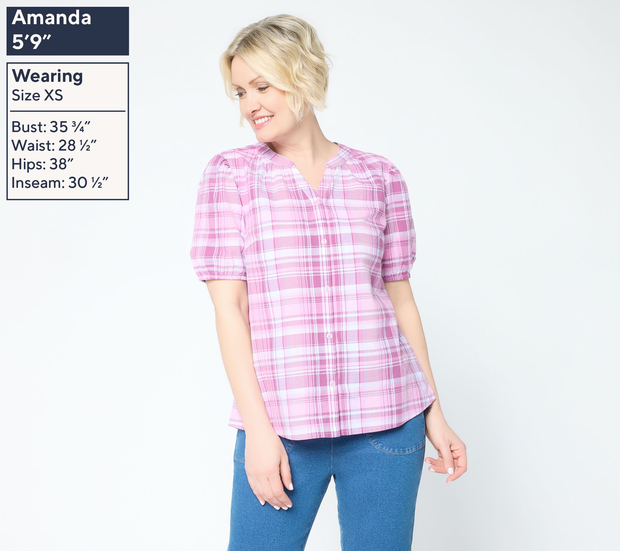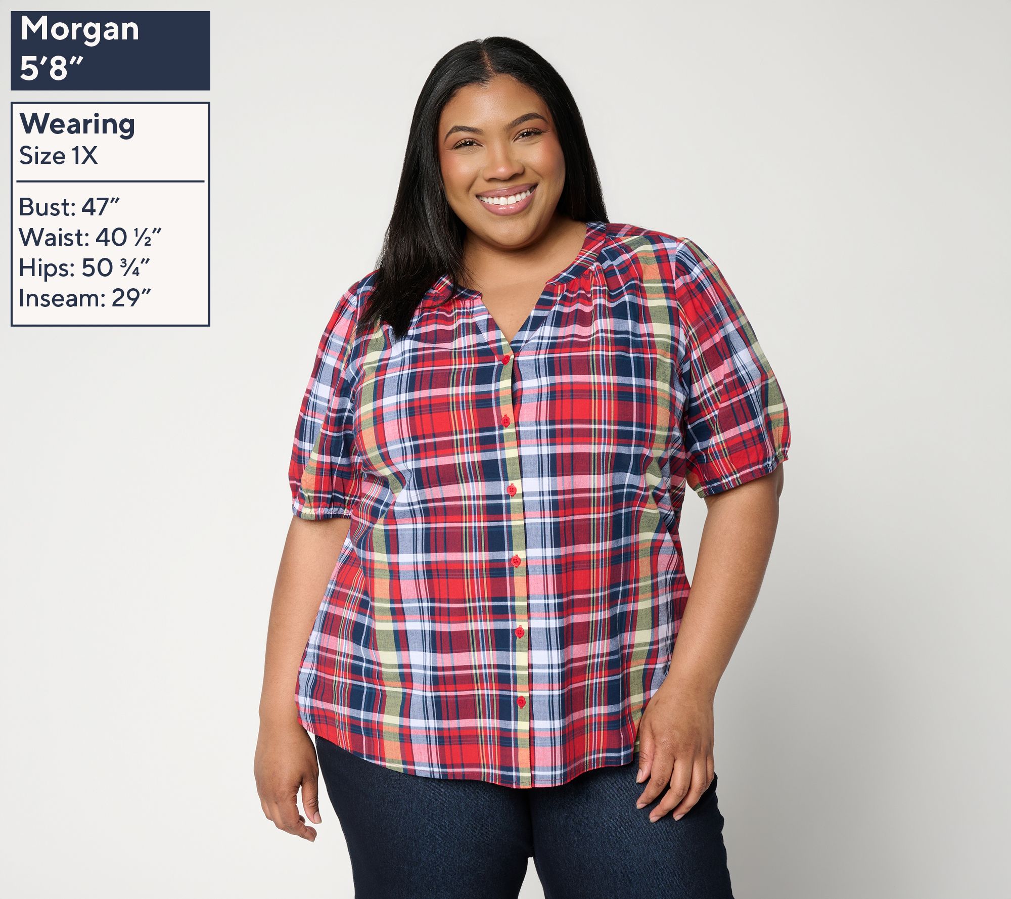 • Features: madras plaid, button-front closure, split V-neckline, shirred elbow-length sleeves, elastic cuffs, front bust darts, shirttail hem, side slits
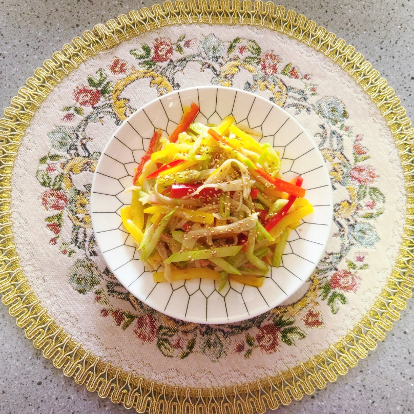 준비해둔 오이채, 찢어놓은 크래미, 채 썬 파프리카를 냉채 소스 볼에 모두 넣어주세요. 형형색색의 재료들이 맛있는 소스와 만나 더욱 기대감을 높여줍니다.
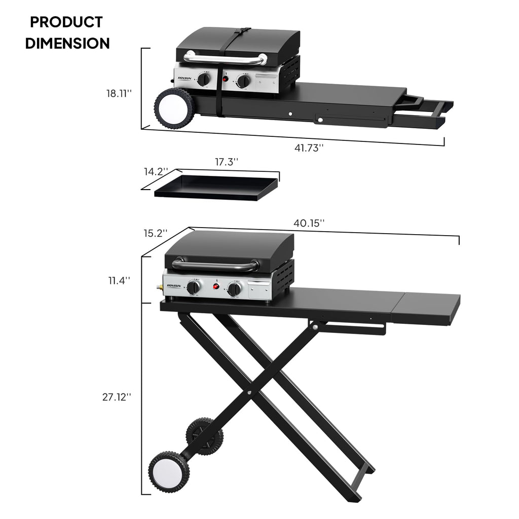 1. Powerful Heating: Our product is equipped with 2 independent stainless steel burners, each capable of providing 10,000 BTUs of heat. With both burners in use, you will have 20,000 BTUs of heat that can reach up to 750°F, and you can adjust the flame size as needed, providing a variety of cooking options. Whether it's cooking eggs, pancakes, grilling cheese, or steak, you can do it all with ease.
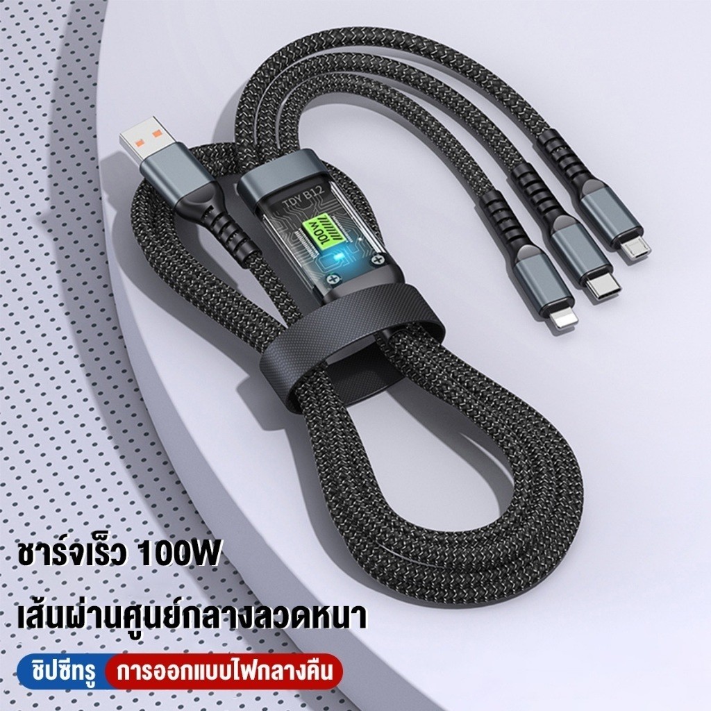 3 in 1 PD 100W Fast สายชาร์จ Super Long Fast CHARGING สายชาร์จ LED 6 สาย USB Fast CHARGING เหมาะสําหรับ Micro/Type-C/lOS
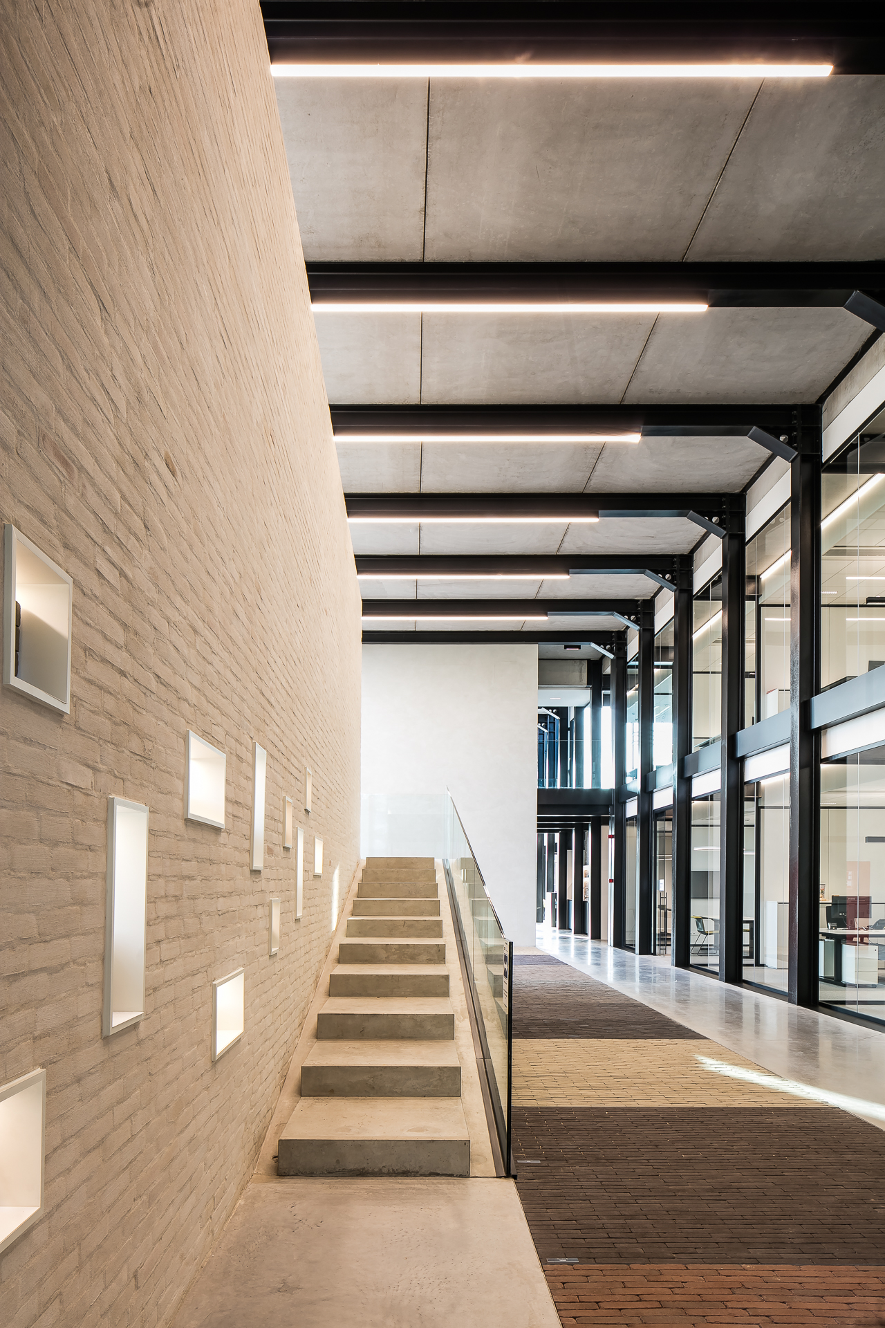 Aangezien het volledige, uitgebreide gamma aan de binnen- en buitenkant in het bouwvolume zit ingebakken, was de grote uitdaging voor de architecten om deze integratie op een overzichtelijke en rustige manier uit te voeren.
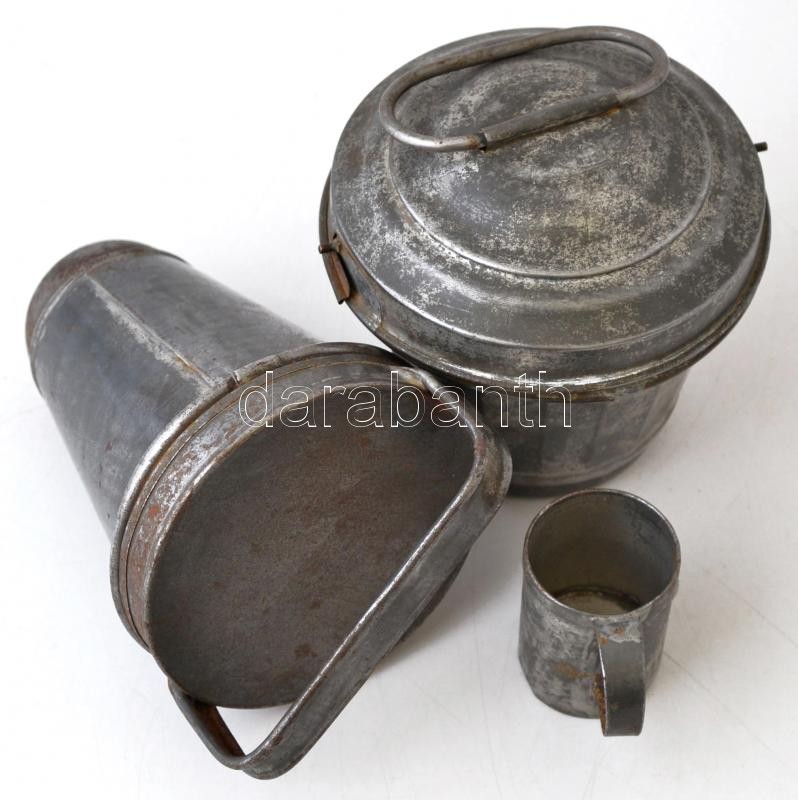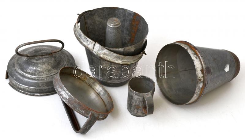 3 db régi ón lemezes konyhai eszköz: kis bögre, fedeles kuglófforma, t...
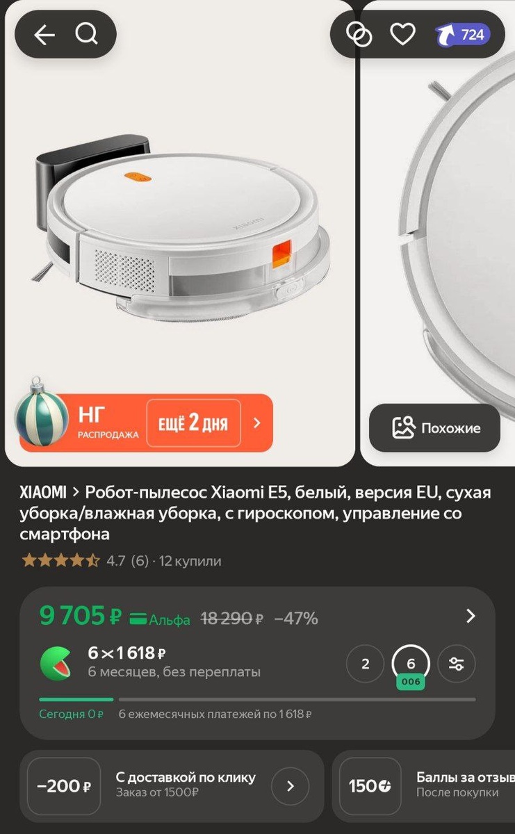 Робот-пылесос Xiaomi E5, белый, версия EU, сухая уборка/влажная уборка, с гироскопом, управление со смартфона за 9705₽🔥
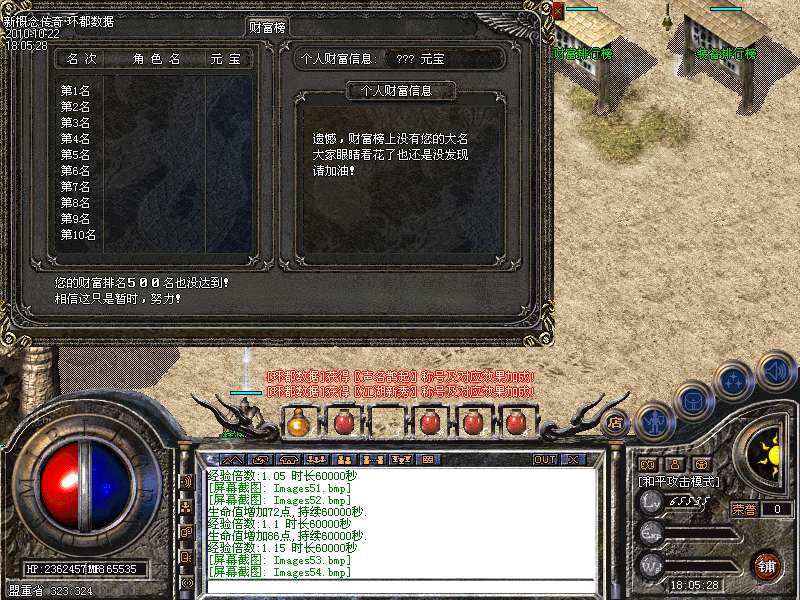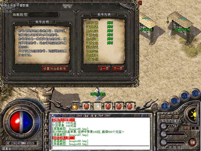 【独家排行系统】不管你有什么实力,只要你有实力。你的名字就能响遍全服。你PK厉害,游戏中有专门的玩家杀戮排名榜;你有钱,游戏中有专门的玩家杀财富排名榜;你装备好,游戏中有专门的装备评价排名榜;你会赌神,一样,别人也会知道你的鼎鼎大名,游戏中也有专门的赌王排名榜。如果你能上各类的排名前十,那么,你将更会获得专门的特殊称号。每个称号也都有玩家想要的属性加成。

● **Instructions to follow**: Please print the lines above exactly, beginning at the first line of the entries and ending at the line holding "준비해둔 오이채, 찢어놓은", and leave the pictures out.

● **Output for this exercise**:
 • Features: madras plaid, button-front closure, split V-neckline, shirred elbow-length sleeves, elastic cuffs, front bust darts, shirttail hem, side slits
 준비해둔 오이채, 찢어놓은 크래미, 채 썬 파프리카를 냉채 소스 볼에 모두 넣어주세요. 형형색색의 재료들이 맛있는 소스와 만나 더욱 기대감을 높여줍니다.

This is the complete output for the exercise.